Following publication of the committee’s findings, The New York Post obtained an email Shipman reportedly sent to close contacts, in which she took responsibility for her words. “Let me be clear: The things I said in a moment of frustration and stress were wrong,” Shipman wrote. “They do not reflect how I feel… It was a moment of immense pressure, over a year and a half ago, as we navigated some deeply turbulent times. But that doesn’t change the fact that I made a mistake.”
She also claimed to have offered a personal apology to Shendelman: “I have tremendous respect and appreciation for that board member, whose voice on behalf of Columbia’s Jewish community is critically important. I should not have written those things, and I am sorry.”
In response, Shendelman told Breitbart News, “The cavalier attitude towards student safety and the casual cruelty that is captured within the texts don’t leave much to interpretation and is understandably alarming to parents of college students nationwide. I can’t control what others do, but I will do my best to change things in a positive way for the sake of our students, our universities and our nation. I will continue to lead by example – to work hard and to do the right thing with moral clarity.”
The committee also included a December 2023 message in which Shipman dismissed congressional scrutiny. Writing to then-president Minouche Shafik, she referred to “the capital [sic] hill nonsense”—presumably referencing Shafik’s testimony before lawmakers investigating campus antisemitism.
“Your reference to ‘capital [sic] hill nonsense’ is disturbing given Congress’s role in conducting oversight to ensure universities are fulfilling their obligations to protect Jewish students,” the committee wrote. “Congress’s efforts to ensure the safety and security of Jewish students—who make up almost a quarter of your campus population—is not ‘capital [sic] hill nonsense.’”
In another exchange dated October 30, 2023, Shipman acknowledged concerns from the Jewish community but seemed to downplay their validity: “people are really frustrated and scared about antisemitism on our campus and they feel somehow betrayed by it. Which is not necessarily a rational feeling but it’s deep and it is quite threatening.”

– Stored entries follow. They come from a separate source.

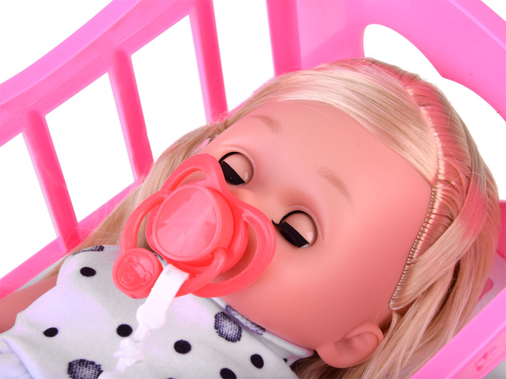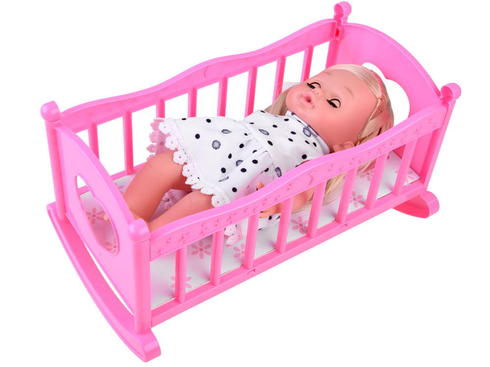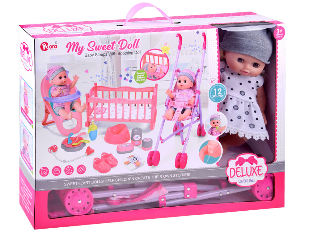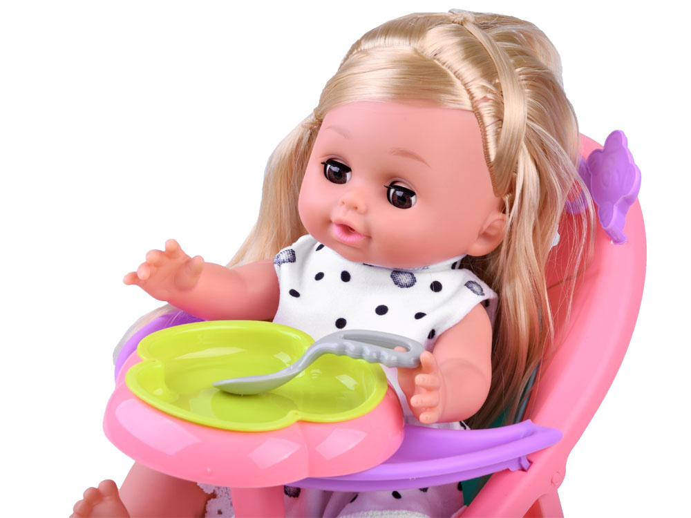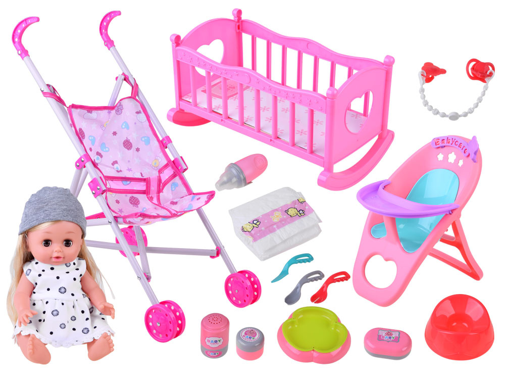Při jídle můžeme batole bezpečně posadit do židličky na krmení. Křeslo je vybaveno stolkem, na který lze při krmení umístit misku. Součástí je také sada bezpečnostních příborů (lžíce, vidlička, nůž).Po jídle je čas na zdřímnutí v pohodlné kolébce. Rám kolébky je vyroben z plastu, zatímco dno je ze silného kartonu s květinovou grafikou. Růžový rámeček kolébky je zdobený hvězdičkami a měsícem. Po spánku je čas na procházku v oblíbeném kočárku.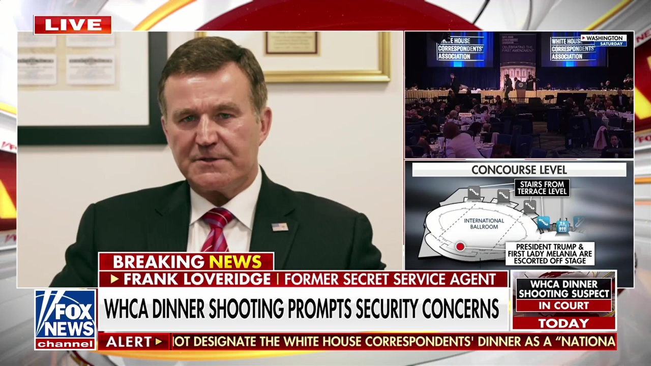 Former Secret Service agent Frank Loveridge addresses security concerns following the White House Correspondents' Association Dinner shooting. A suspect traveled from Los Angeles to Washington, D.C., by train, targeting the Trump administration, and was apprehended at the Washington Hilton after breaching security checkpoints. Loveridge reviews response protocols and venue security for future events.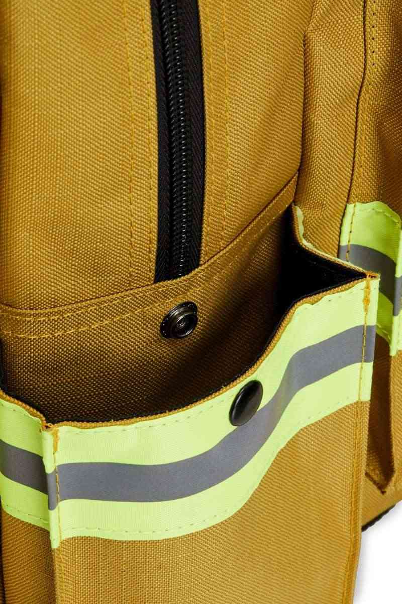 The LINE2design Elite Firefighter Gear Bag measures 27”x17”x13”. The Elite bag features two separate zippered storage pockets on each end, one main center zippered storage compartment for carrying essential and everyday gear and eight smaller storage pockets around all sides of the bag. Yellow reflective trim helps enhance your visibility at night and in low-light conditions.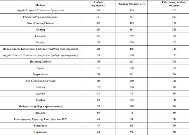 Μέσα από την αντιπαραβολή διαπιστώνει κανείς ότι σε 12 μαθήματα αυξήθηκε ο αριθμός των θεμάτων. Σε κάποια εξ αυτών η αύξηση μπορεί να θεωρηθεί δικαιολογημένη καθώς ο αριθμός των θεμάτων υπολείπονταν του ενδεικτικού αριθμού που είχε παραθέσει το Υπουργείο.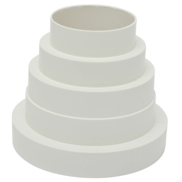 De verloopstuk 80-150 mm van Sanivesk is universeel toepasbaar om diverse buizen (zoals luchtbuizen) op elkaar aan te sluiten. Dit verloopstuk is geschikt voor buizen met een diameter van 80, 100, 120, 125 of 150 millimeter. Het ronde verloopstuk is gemaakt uit witte pvc en te bevestigen met klemmen.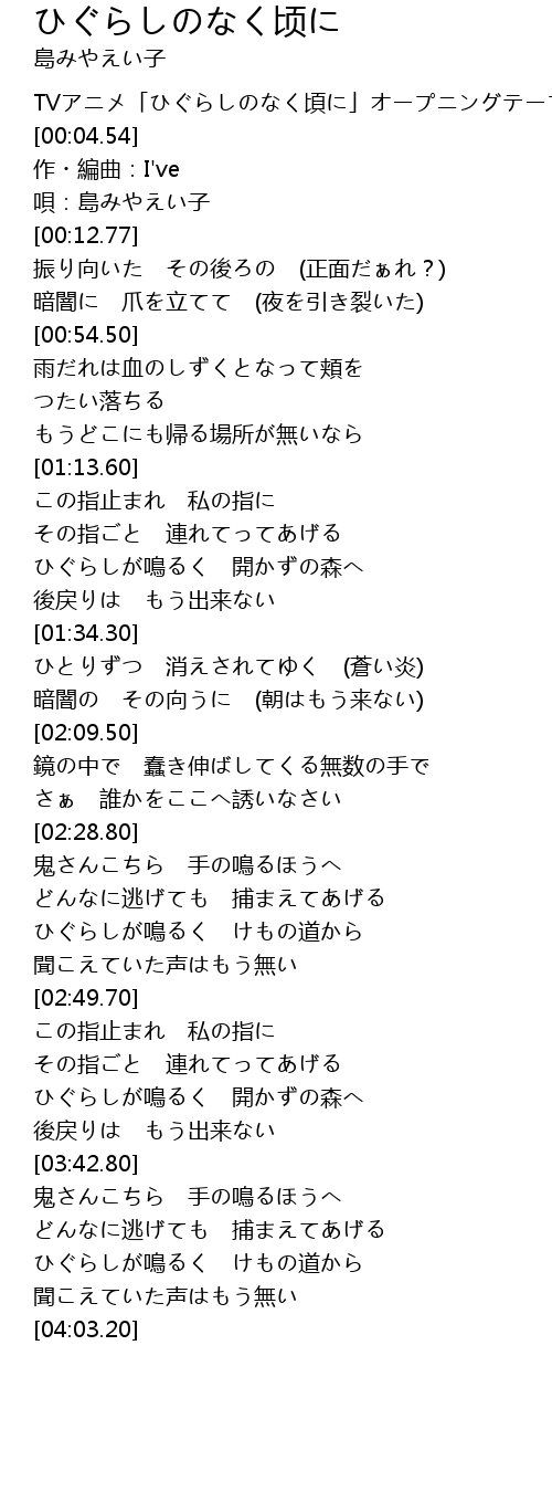 | [00:03.00] | TVアニメ「ひぐらしのなく頃に」オープニングテーマ |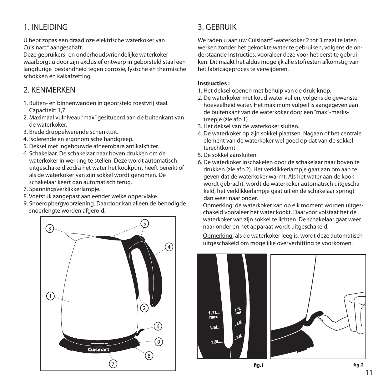 U hebt zopas een draadloze elektrische waterkoker van Cuisinart® aangeschaft. Deze gebruikers- en onderhoudsvriendelijke waterkoker waarborgt u door zijn exclusief ontwerp in geborsteld staal een langdurige bestandheid tegen corrosie, fysische en thermische schokken en kalkafzetting. We raden u aan uw Cuisinart®-waterkoker 2 tot 3 maal te laten werken zonder het gekookte water te gebruiken, volgens de onderstaande instructies, vooraleer deze voor het eerst te gebruiken. Dit maakt het aldus mogelijk alle stofresten afkomstig van het fabricageproces te verwijderen.

The committee criticized this description as dismissive, especially “considering the violence and harassment against Jewish and Israeli students already occurring on Columbia’s campus at the time.”
Reacting to Columbia’s claim that the messages were taken out of context, Rep. Walberg pushed back forcefully. “Two years ago, college and university administrators famously stated ‘it depends on the context’ to defend their lack of response to antisemitism on their campuses. Now, Columbia University is using this tired practice of blaming ‘context’ for their acting president’s questionable texts and emails,” he told Breitbart News. “Americans are smarter than these institutions seem to think and can see through this overused line.”
The disclosures come as Columbia tries to recover from a loss of $400 million in federal funding, which the Trump administration revoked in March, citing the university’s failure to protect Jewish students from harassment. In June, federal officials also alleged that Columbia was out of compliance with accreditation requirements and in violation of anti-discrimination laws.
Shipman has reportedly accepted some of the administration’s conditions to restore funding, including a campus mask ban and authorization for university police to detain and remove students as needed, according to The New York Post.
In a private letter, Shipman wrote that Columbia is “committed to restoring our critical partnership with the federal government as quickly as possible, so that thousands of our faculty and researchers and students can get back to the essential work they do on behalf of humanity.”